NEW YORK -- U.S. Sen. Edward Kennedy has recently reminded us why the U.S. forces decided not to go all the way to Baghdad during the Persian Gulf War. Addressing the Center for American Progress in Washington, D.C., on Jan. 14, he pointed out that it was none other than the first President Bush and his national security adviser, Brent Scowcroft, who had explained in their joint book, "A World Transformed" (Knopf, 1998): "Trying to eliminate Saddam, extending the ground war into an occupation of Iraq, would have . . . incurred incalculable human and political costs. . . . We would have been forced to occupy Baghdad and, in effect, rule Iraq."
I was struck by Kennedy's reference not because I am knowledgeable enough about the complexity of recent historical developments, but because I had just read, belatedly, Naoki Inose's oddly titled book "Showa 16-nen Natsu no Haisen," which may be translated "Defeated in War in the Summer of 1941." It was originally published in 1983.

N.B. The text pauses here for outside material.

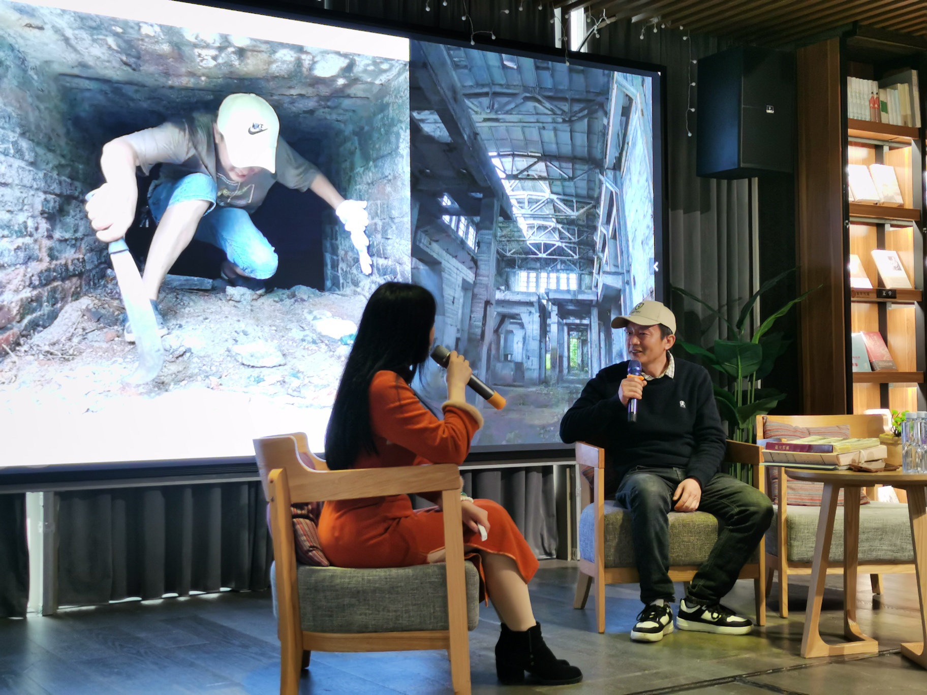 展会中这张照片感动我,手里拿着一把砍柴刀,弯着腰,几乎匍匐前进,从一个洞口爬出来,主持人采访时他说道,为了拍一个烟囱,想进去探个究竟,再就是老厂很多房子都荒芜了,洞口长满了杂草和荆棘,也许里面还有老鼠和蛇呢,但是他为了拍到一张满意的照片,他去努力了,他觉得很值!

Inose is the one singular man-of-letters Japan has today. A biographer of literary figures such as Yukio Mishima and Osamu Dazai, he has intensely examined Japan's modern history from unexpected angles. He has written, among other things, about the little-noticed consequences of the U.S. naval officer Matthew Perry's coming to Japan, in 1853, and the exaltation of the Emperor beginning in the Meiji era.